■ **COLLECTED MATERIAL**:
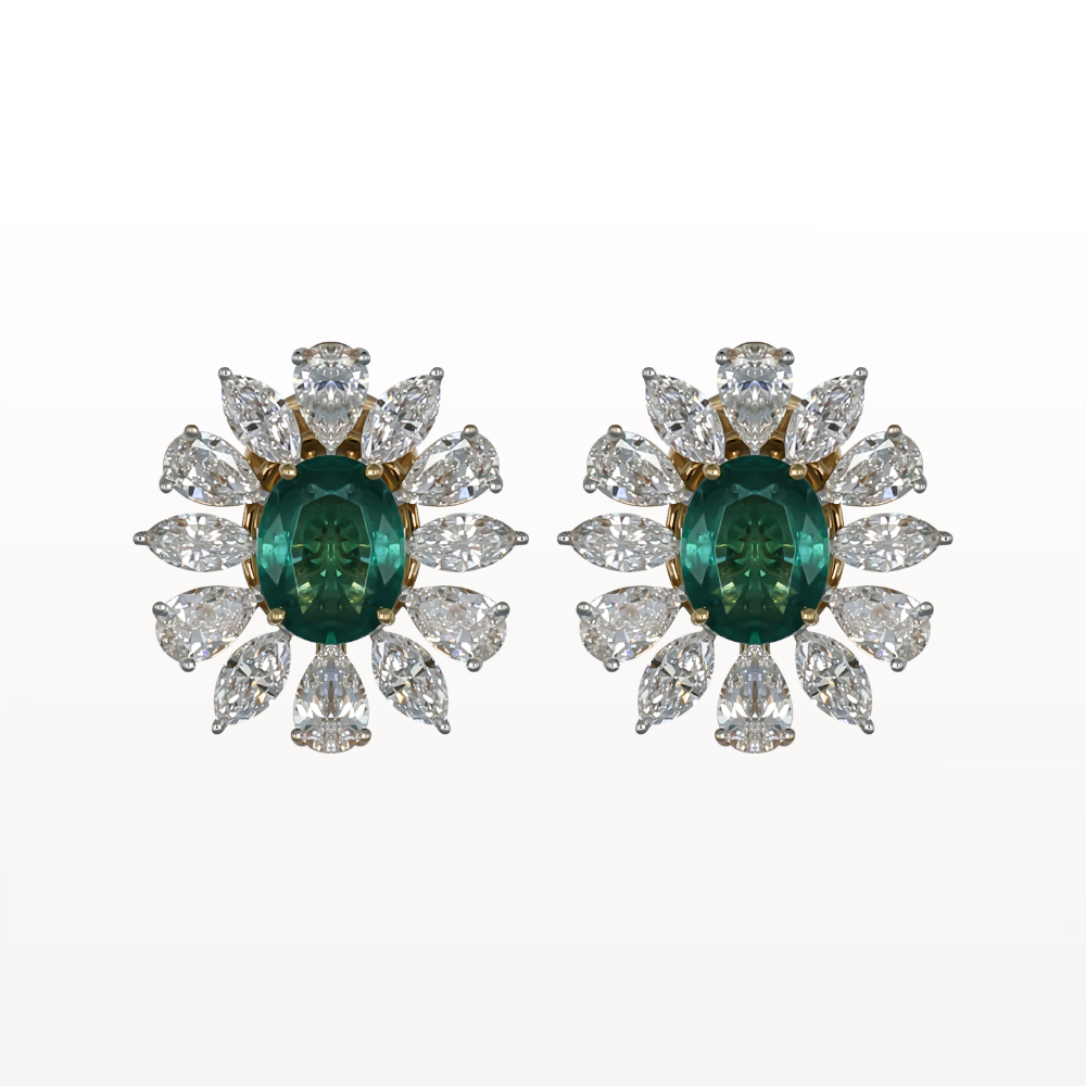 Radiating the freshness of nature and the elegance of fine craftsmanship, the Emerald Bloom Earrings are a true celebration of floral beauty. Set in 18KT yellow gold, these exquisite earrings feature a lush oval-shaped emerald at the heart, embraced by a delicate halo of pear and marquise-shaped diamonds that resemble petals in full bloom. The vibrant green center stone evokes the vitality of spring gardens, while the sparkling diamonds mirror the brilliance of morning dew on blossoms. Timeless yet modern, this design captures the grace of a green flower in eternal bloom, making it a perfect piece for women who embrace both natural beauty and refined luxury.
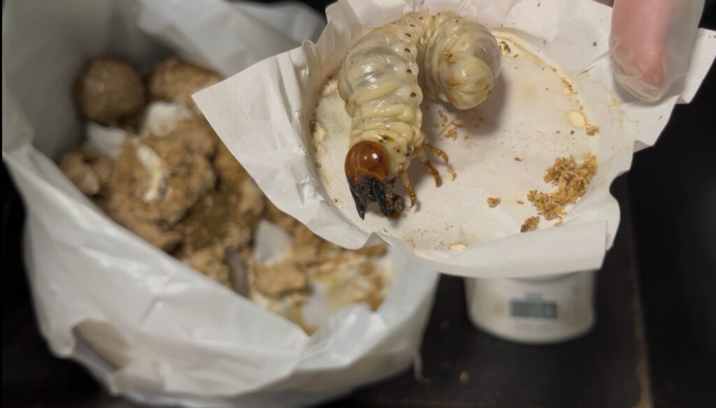 今回交換していると、ほとんどの個体が菌糸瓶の大部分を食べていたのに対して、ほとんど食べておらず、ボトルの外から見ても明らかに小さい個体がいましたが、その個体は残念ながら病気にかかっているようでした😔
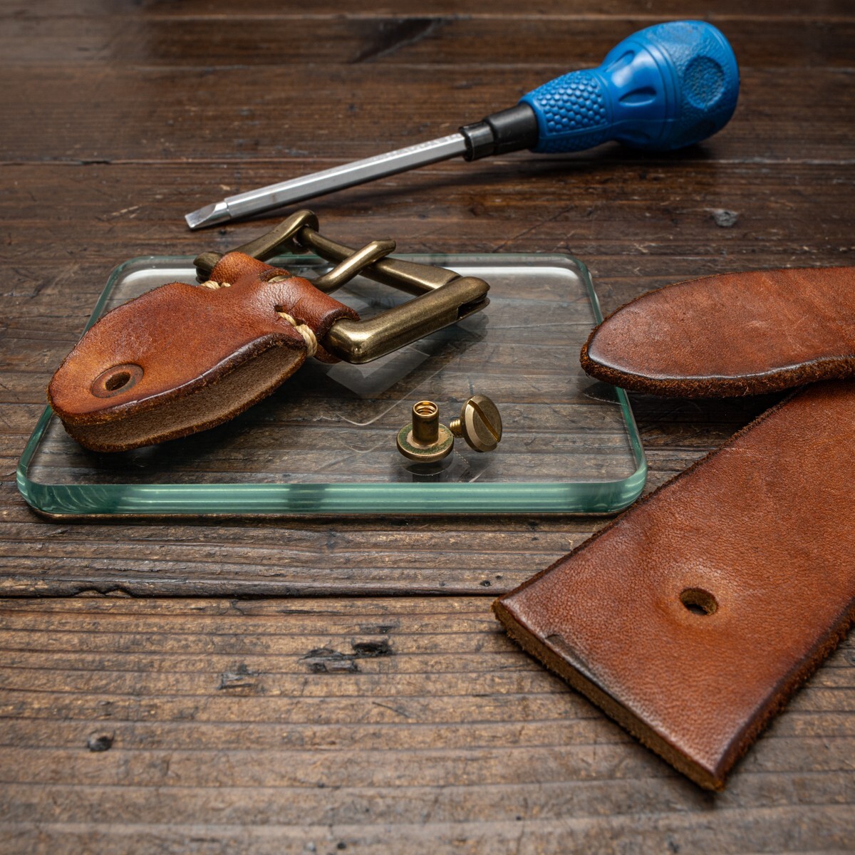 バックル裏のネジ金具をマイナスドライバーで外し、ベルトを好みの長さにカットしたあと、革用錐でネジ穴を開けて、再度金具を締め直してください。

■ **EXERCISE**: In the copy, no pictures are to appear; write out exactly the lines from the one containing "今回交換していると、ほとんど" through the end of the listing above and no further lines.

■ **TASK RESULT**:
 今回交換していると、ほとんどの個体が菌糸瓶の大部分を食べていたのに対して、ほとんど食べておらず、ボトルの外から見ても明らかに小さい個体がいましたが、その個体は残念ながら病気にかかっているようでした😔
 バックル裏のネジ金具をマイナスドライバーで外し、ベルトを好みの長さにカットしたあと、革用錐でネジ穴を開けて、再度金具を締め直してください。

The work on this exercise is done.